Gronkowski didn’t always have a love affair with the media, though. While he became a cult hero while partying onstage during the 2010 draft and a superstar during his 18-touchdown season in 2011, he briefly struggled to grasp the other side of the star factor during the 2012 offseason. Gronk was recovering from ankle surgery after Super Bowl XLVI, and reporters followed him to every offseason event, from a puck drop at an AHL game in Western Massachusetts to a fundraiser at a financial building in Boston. The questions about his ankle persisted, and his agitation over the topic grew with each inquiry. As we walked out of one event, I told him he had the most popular ankle in America, so the questions were going to follow accordingly. The questions weren’t personal or critical by nature — just a means to an update for a region and a league that was starved for information about a guy who was recently tabbed as the most talented to ever play his position. He got it.
The injuries were always part of Gronk’s story.
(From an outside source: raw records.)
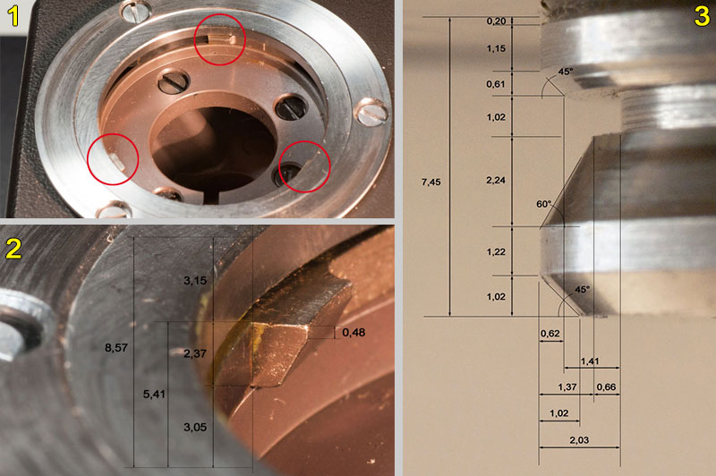 86,76 KB ]1. L'attacco a coda di rondine sullo stativo del Laborlux è perfettamente circolare e la testata è trattenuta in sede da tre "dentini" che si serrano intorno alla coda di rondine della testata grazie a delle molle e che è possibile aprire manovrando un'apposita levetta. 2 e 3. Il dentino visto di profilo e l'attacco della testata, quotati secondo le misure che sono riuscito a prendere o a calcolare. Naturalmente la precisione NON È al centesimo di millimetro come le due cifre decimali potrebbero far pensare
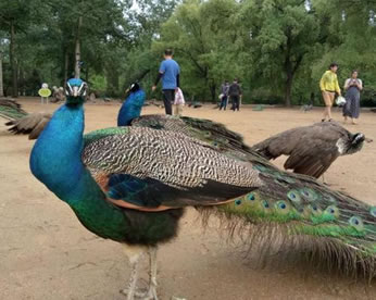 世界瀕危野生動(dòng)物綠孔雀在秦皇島野生動(dòng)物園不斷繁衍生息,已從1949年的20余只繁育到80只,成為中國最大的綠孔雀群。綠孔雀俗名:孔雀、越鳥、爪哇綠孔雀;體型最大的雉科鳥類,體重7000-8000克。雄鳥全長約140厘米,雌鳥約100厘米。雄鳥體羽翠藍(lán)綠色,下背閃紫銅色光澤。頭頂有一簇直立的羽冠。尾上覆羽延伸成尾屏,可達(dá)1米以上,約有百余枚,并有紫、黃、藍(lán)、綠多種顏色構(gòu)成的眼狀斑紋,形成孔雀特有的尾屏。開屏?xí)r顯得異常艷麗、光彩奪目。雄鳥尾特長,頭部冠羽豎起,頸、上背及胸部具綠色光澤,尾上覆羽特長并具閃亮眼斑而成尾屏。雌鳥羽色以褐色為主,帶綠色輝光。無尾屏。
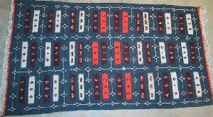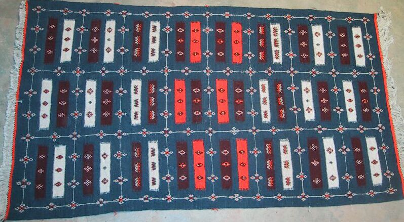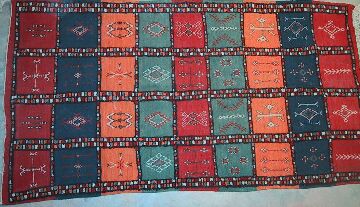 Piece 3.12724 is also by Jamila. It is an akhnif or flatweave, with the squares in it separated by borders of pile. The colors are a rosy pink, soft gold, dark denim blue and a dark green. You can see them better by clicking on this photo to enlarge it, or by clicking on the close-up. In each square, designs are embroidered. It measures 3'8" x 6'10" and costs $250. SOLD
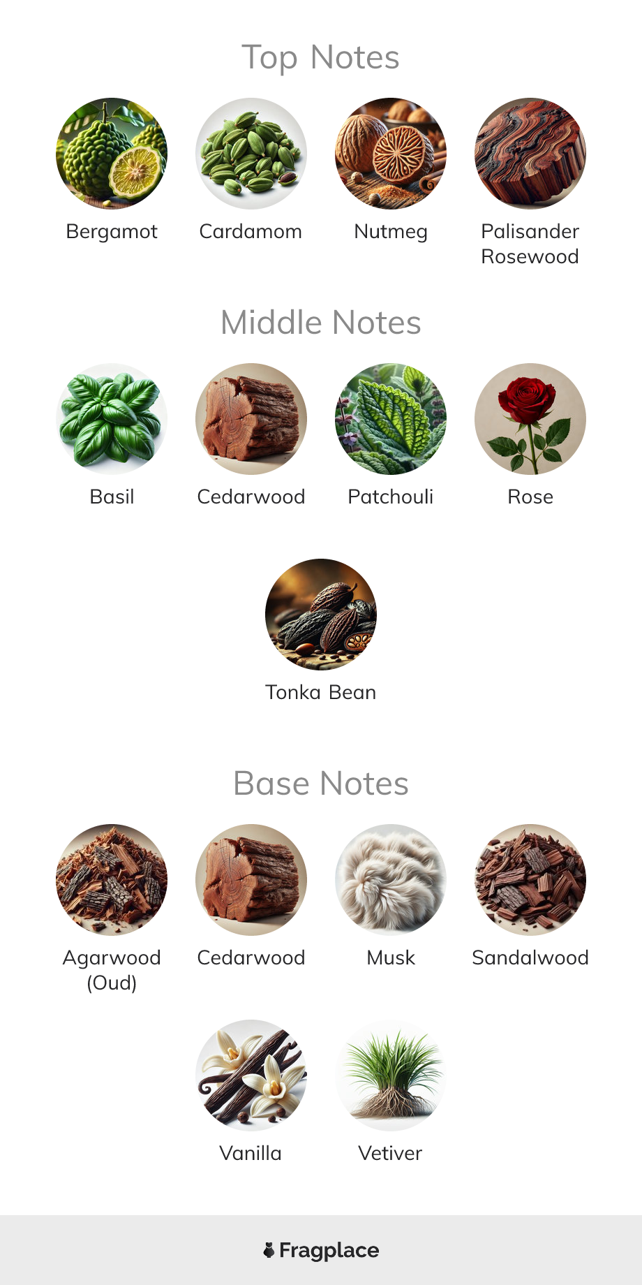 Patchouli, from Ajmal was released in 2019. The perfumer behind this creation is unknown. It has the top notes of Bergamot, Cardamom, Nutmeg, and Palisander Rosewood, middle notes of Basil, Cedarwood, Patchouli, Rose, and Tonka Bean, and base notes of Agarwood (Oud), Cedarwood, Musk, Sandalwood, Vanilla, and Vetiver.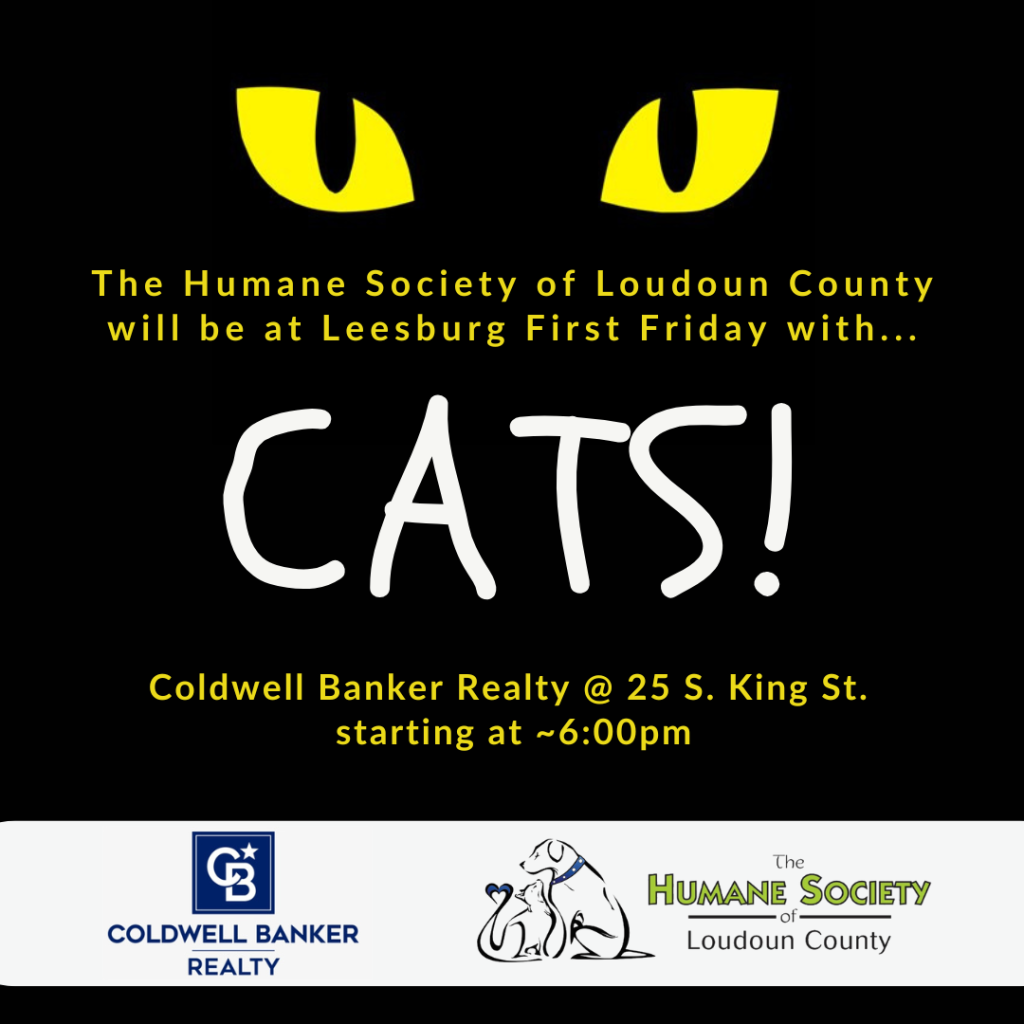 The Humane Society of Loudoun County will be bringing adoptable cats to Leesburg First Friday on August 1. Be sure to come inside and see the kitties up close and in purr-son at Coldwell Banker Realty!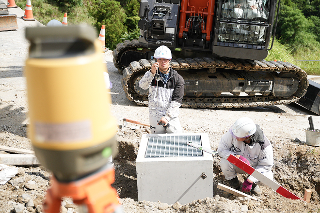 大型免許や重機の免許だけでなく普通免許など、仕事で必要な免許・資格取得の費用や、学習できる環境を会社全体向上のサポートを受け、いまでは現場で指示を出す場面も増えています。スマホ、iPadを使った測量や図面管理などなじみのあるツールを使いこなす場面も多いですが、現場で働いて感じるのは、コミュニケーションの重要性。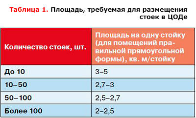 Есть более простой способ оценки вместимости ЦОДа. Он основан на статистических данных, полученных из реализованных проектов (табл. 1), и хотя он менее точен, чем произведенный нами расчет, но его погрешность вполне допустима для приблизительной оценки.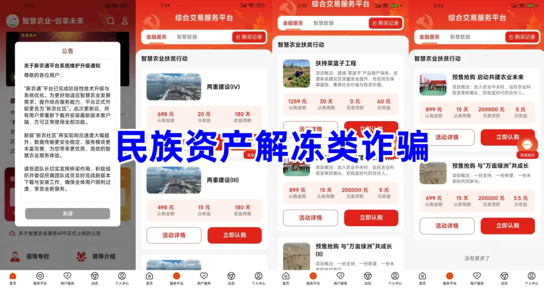 不法分子冒充农业农村部的名义,打着“智慧农业”的旗号,制作散布涉诈APP,虚构推广“两重建设”“扶持菜篮子工程”“万亩绿洲”等高额返利理财项目。

It looked like he could have broken his neck after a tumbling touchdown against the Chiefs on Monday Night Football in 2011, but he said he’d never change that patented playing style in an effort to avoid the violence that was more his asset than his enemy.
That was Gronk — the realest guy by every measure. He’d spike footballs and beer cans. He’d throw a one-man dance party to a stadium soundtrack or the beat in his own head. He’d break down opponents’ defensive schemes in one breath and crack a 69 joke the next. The more you can do, as Bill Belichick would say.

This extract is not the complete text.